— Pour ce qui est du volant, il l’est ! C’est sa passion : il court les Vingt-Quatre Heures du Mans chaque année. Il a même gagné une fois !
— Et Lisa t’a préféré ce héros ?…
L’entrée de l’infirmière en chef interrompit le dialogue :
— Je vous avais accordé dix minutes ! Et à condition de ne pas le fatiguer ! rappela-t-elle sévèrement.
— Ça ne doit pas faire beaucoup plus… et je m’en vais ! Quant à l’avoir fatigué, je crois lui avoir surtout changé les idées…
— En tout cas, priez les dames de la famille de bien vouloir attendre à demain…
— Oh non ! gémit Aldo.
— Oh si ! Déjà je n’aurais pas dû permettre à votre ami d’entrer mais comme il campe pratiquement dans la salle d’attente, il m’a fait pitié !
— Inspirer la pitié, lui ? C’est bien la première fois que ça lui arrive !
— Il y a un commencement à tout ! lança l’intéressé du seuil de la chambre. Mais soyons raisonnables ! À demain… et merci encore, madame !
En rentrant à l’hôtel, Adalbert se hâta de délivrer sa bonne nouvelle : Aldo avait refait surface et, cette fois, c’était pour de bon : le docteur Lhermitte en répondait.
— Dès demain vous pourrez le voir tout à votre aise !… Mais où est Marie-Angéline ?
— Où voulez-vous qu’elle soit ? À la cathédrale bien évidemment. Sa splendeur lui est apparue comme seule digne de recevoir ses prières. En outre, elle désire faire la connaissance de saint Gatien qui en est le protecteur. Au cas où il aurait une spécialité intéressante !
Adalbert ne put s’empêcher de rire :
— Elle ne laisse rien passer ! Aucune nouvelle de Venise ? Lisa n’est toujours pas rentrée ?
Le visage de Mme de Sommières se rembrunit :
— Non. En revanche on sait où elle est !
— À Vienne sans doute ? Auprès des enfants ?

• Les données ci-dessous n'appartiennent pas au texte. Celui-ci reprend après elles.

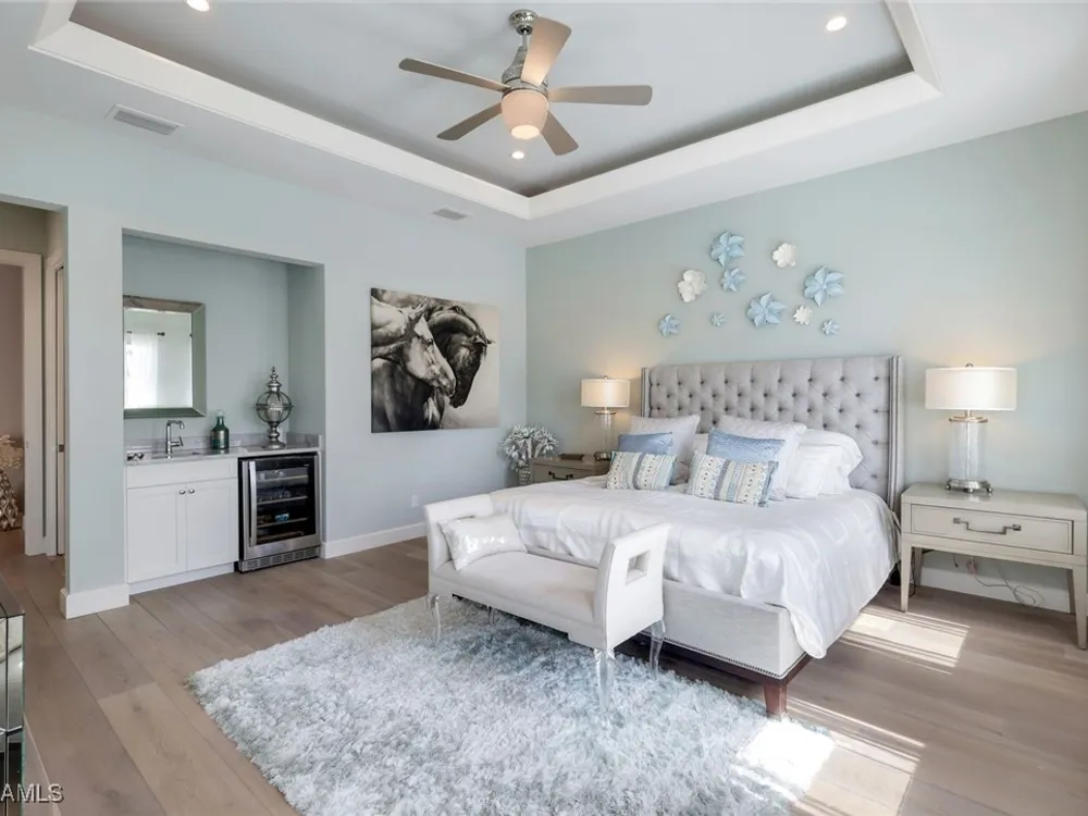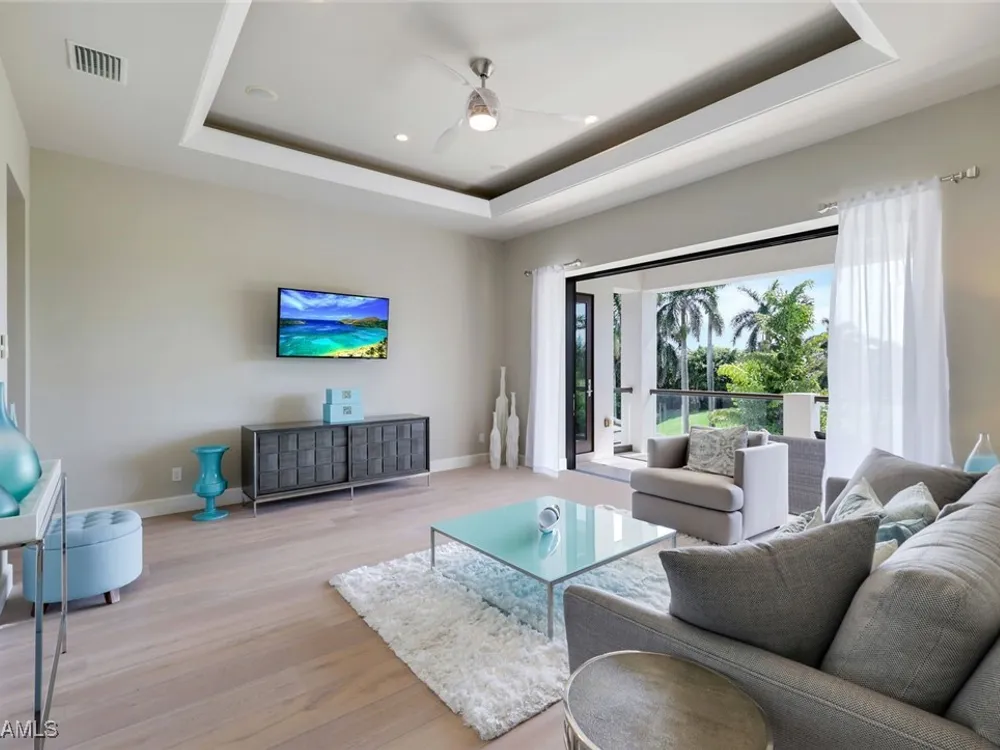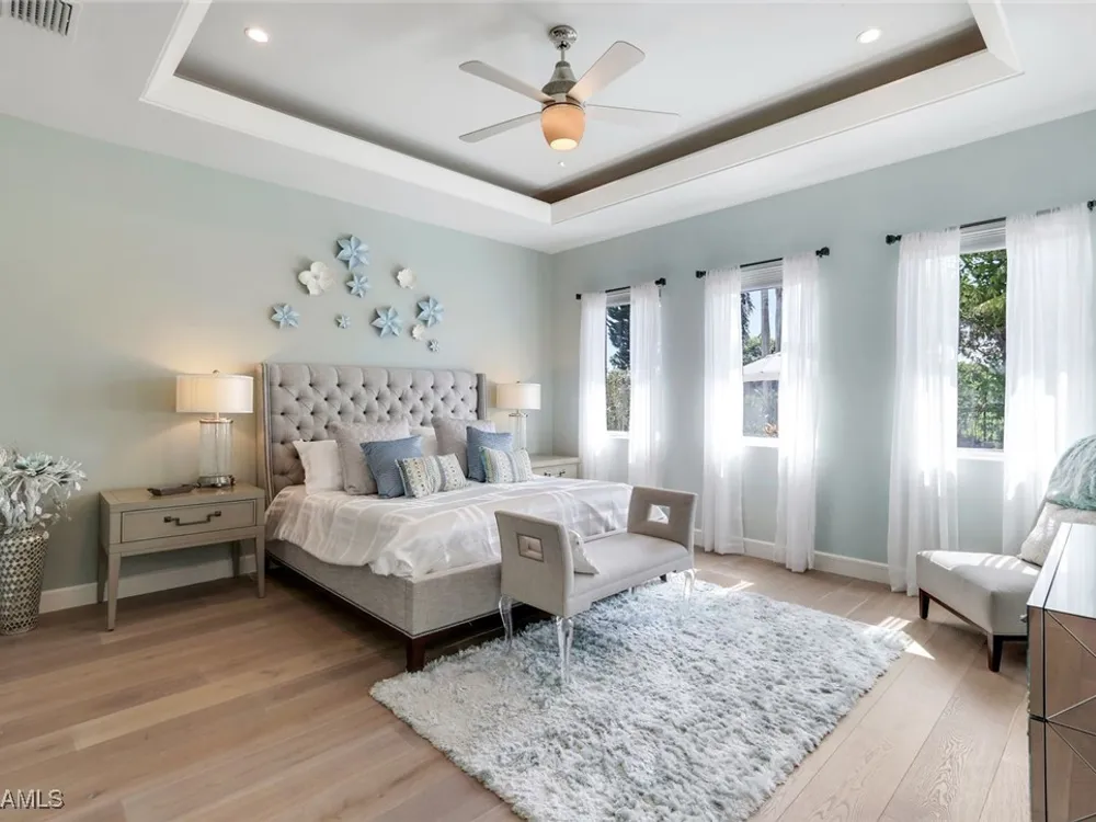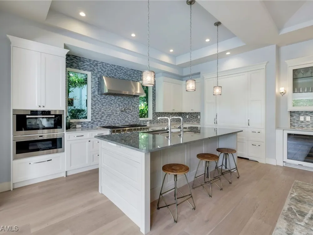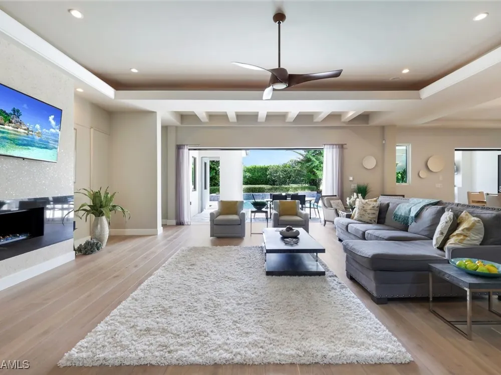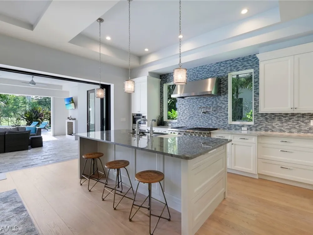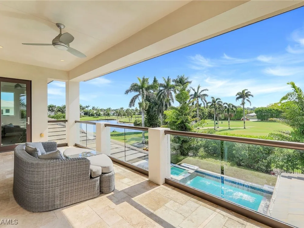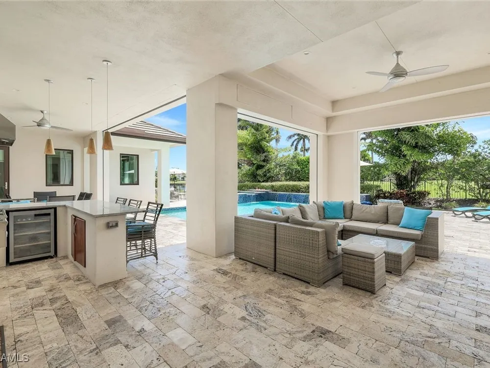 Welcome to your slice of paradise nestled on the prestigious Moorings Golf Course, where luxury living meets unparalleled natural beauty. This exquisite single-family home, perfectly positioned on the 15th green, offers an idyllic retreat for families and entertainers alike. Boasting four spacious bedrooms, a den, and four and a half elegant bathrooms, this residence is designed for comfort, style, and modern living. From the moment you step through the grand entrance, you will be captivated by the home's soaring vaulted and tray ceilings, elegantly adorned with crown molding that adds a touch of sophistication to every room. The expansive living area features gas fireplaces both indoors and on the outdoor patio, creating a cozy ambiance for family gatherings and intimate evenings under the stars. The heart of the home is the gourmet kitchen, a chef's dream, outfitted with top-of-the-line appliances including a Wolf double oven, Bosch dishwasher, and a Sub-Zero built-in refrigerator/freezer. Whether you're hosting a dinner party or preparing a weekday meal, the dual facets and mini bar refrigerator with ice maker make entertaining effortless. Adjacent to the kitchen is a spacious dining area that flows seamlessly into the living space, with recessed impact glass quad sliders that invite natural light and provide breathtaking views of the lush golf course and tranquil lake. Retreat to your opulent master suite, a true sanctuary featuring blackout shades, his and hers walk-in closets, and a spa-like en-suite bathroom. With ample space to unwind, this luxurious haven is designed to promote relaxation and rejuvenation. Each additional bedroom is generously sized, offering privacy and comfort for family members or guests. Additional office area and another living room on 2nd floor. Step outside to your personal oasis: a beautifully landscaped backyard with a sparkling pool and spa, perfect for sun-soaked afternoons and sunset soirees. The outdoor fireplace and firepits provide the ideal setting for cozy gatherings, while the expansive second-story balcony treats you to sweeping views of the golf course and stunning sunsets, making every evening a picturesque experience. This property is equipped with modern conveniences including a dedicated laundry area on the first floor and washer / dryer hook up on the second floor, two tankless hot water heaters installed in 2022, and an HVAC system put in place in 2021. The additional storage room ensures you have plenty of space for all your essentials. Safety and comfort are paramount, with recessed electric screens and shutters protecting your investment. As part of the Moorings community, you'll enjoy exclusive access to a private beach club, offering the ultimate coastal lifestyle. Whether you're hitting the links, lounging by the beach, or enjoying the vibrant local dining and shopping scene, this location truly has it all. No HOA Fees - No rental restrictions - No pet restrictions - Investor friendly
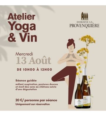 Participez à un atelier unique de Yoga & Vin, le mercredi 13 août de 10h à 12h, dans le parc du Domaine La Provenquière.
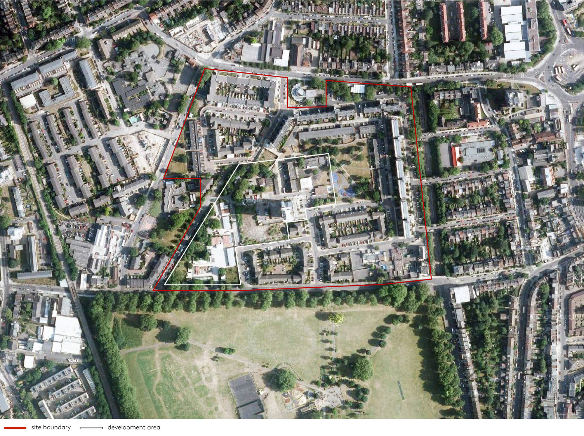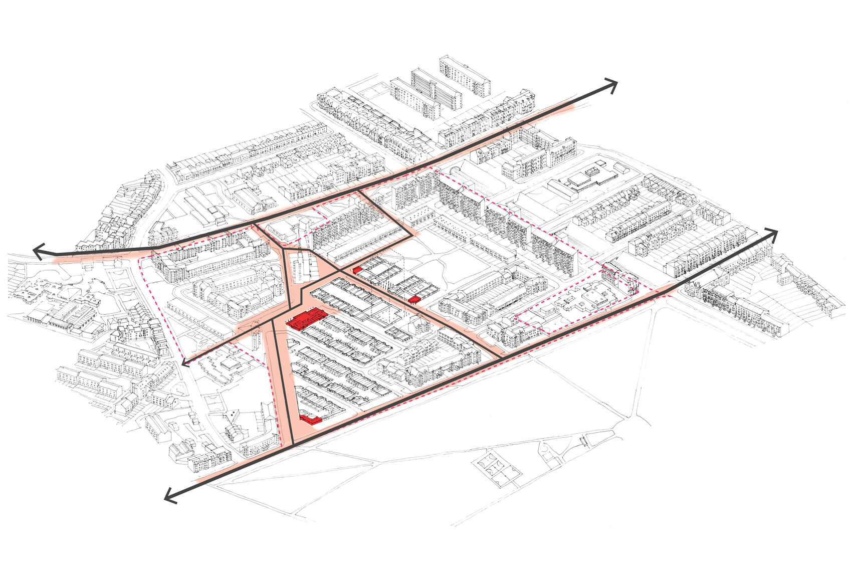 low-density homes. As a result of these changes, a collection of disparate elements emerged, with mixed building types and large unresolved and demolished areas.
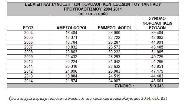Στον πίνακα 3.6 του κρατικού προϋπολογισμού 2014 (σελ. 82) που από το Σάββατο το βράδυ αποτελεί νόμο του κράτους προκύπτει επίσης ότι: Από το 2004 και μετά, οι φόροι που έχει κληθεί να πληρώσει ο ελληνικός λαός ξεπερνούν σωρευτικά το μισό τρισεκατομμύριο ευρώ! Για την ακρίβεια ανέρχονται στα 513,243 δισ. ευρώ.
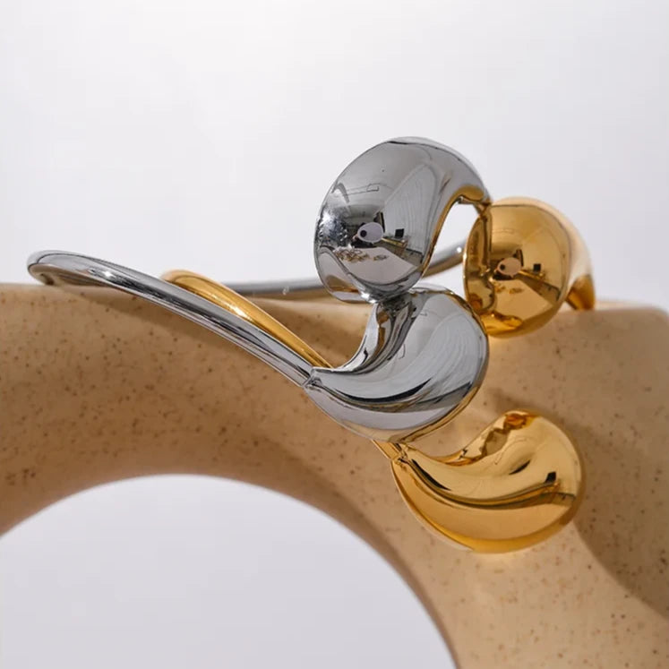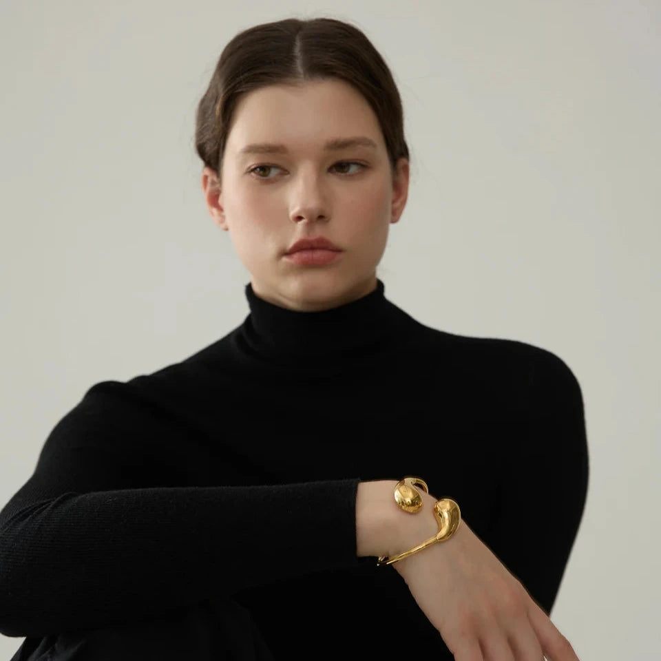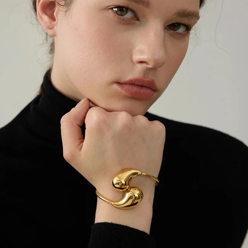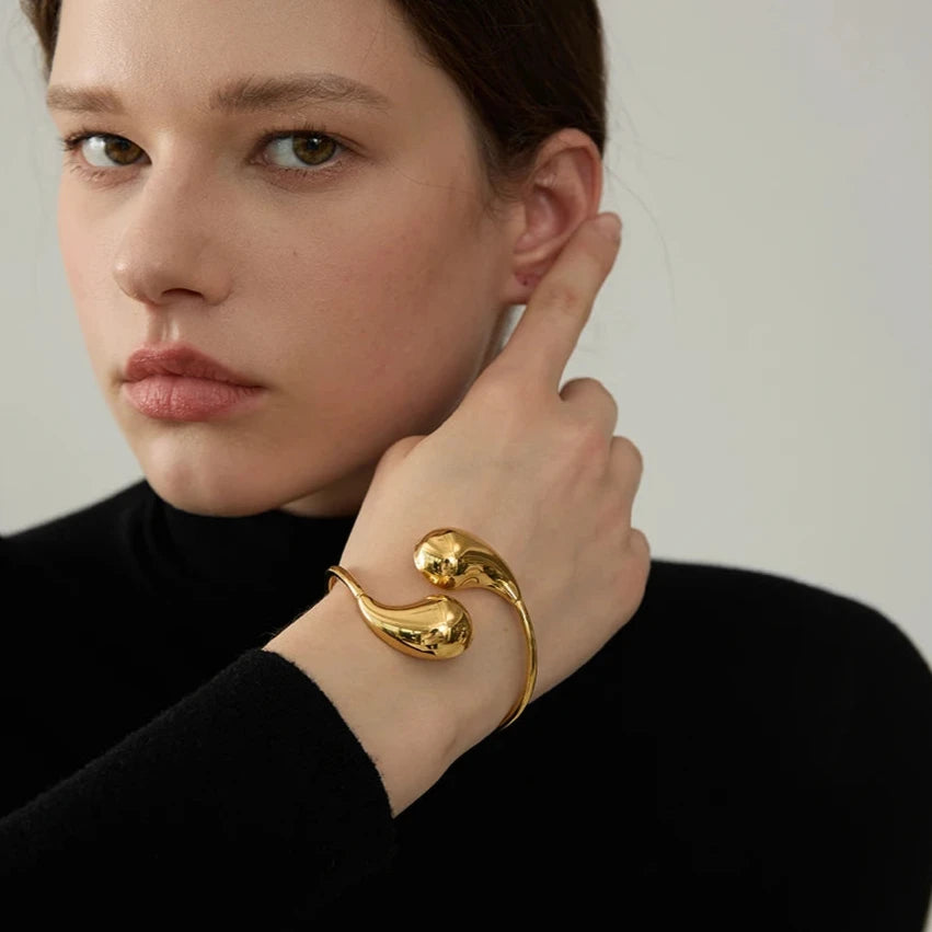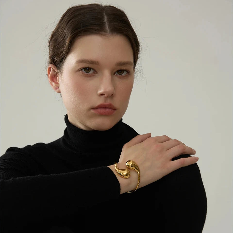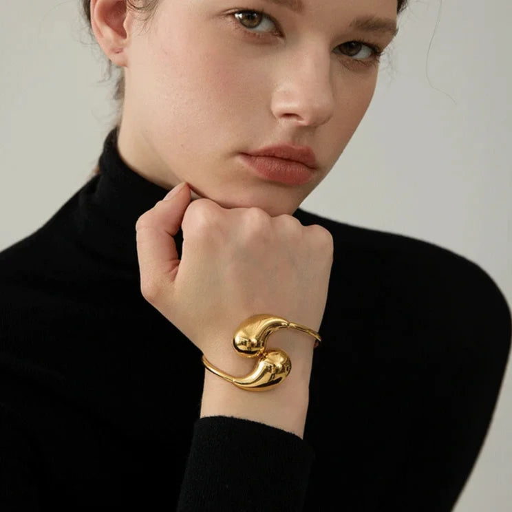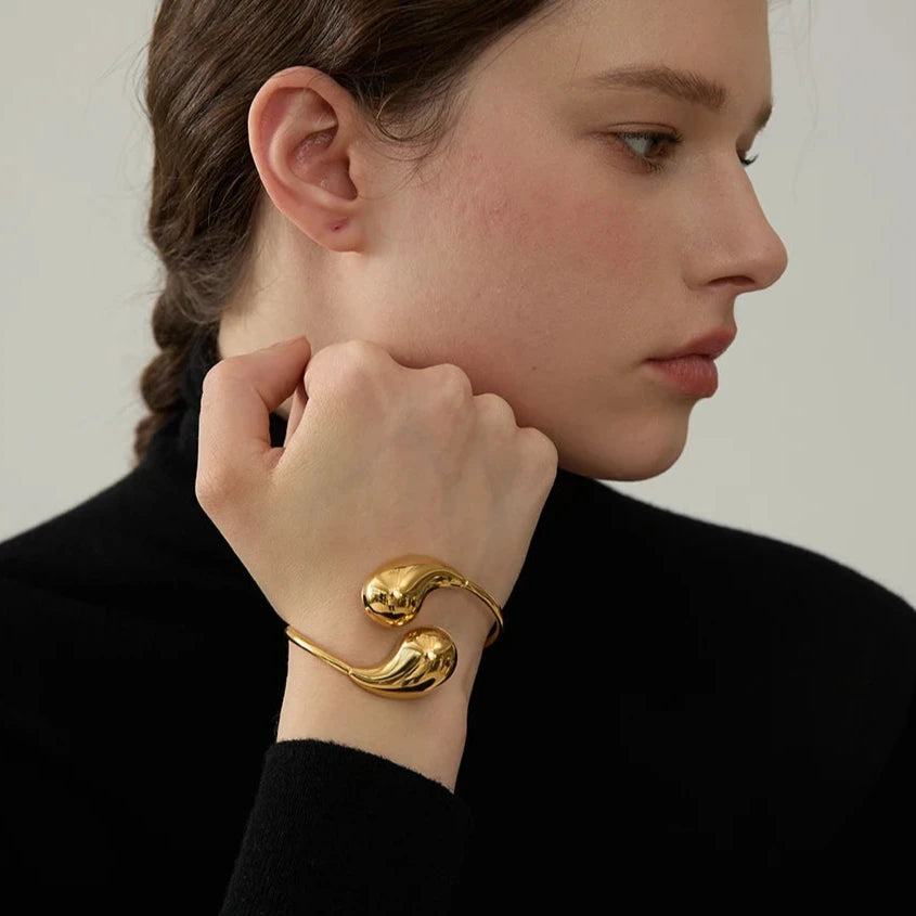The open-ended structure allows for an adjustable fit, ensuring comfort and versatility for wrists of all sizes. The sleek curves of the bracelet create an illusion of continuous movement, symbolizing endless possibilities and eternal style.

— Non, à Zurich ! Guy Buteau m’a dit au téléphone qu’elle y était arrivée avant-hier juste à temps pour se faire hospitaliser…
— Mon Dieu ! Elle a eu un accident ?
— Oui… et inattendu : elle était enceinte de plus de cinq mois ! Elle est tombée et elle a perdu l’enfant. Et je ne vous cache pas – surtout si Aldo n’est plus en danger – que j’ai l’intention de m’y rendre. Je ne m’attarderai pas puisque Aldo doit passer sa convalescence chez moi mais cela me permettra peut-être de remettre les pendules à l’heure.
— Il est certain que, dans sa clinique, elle aura du mal à vous échapper !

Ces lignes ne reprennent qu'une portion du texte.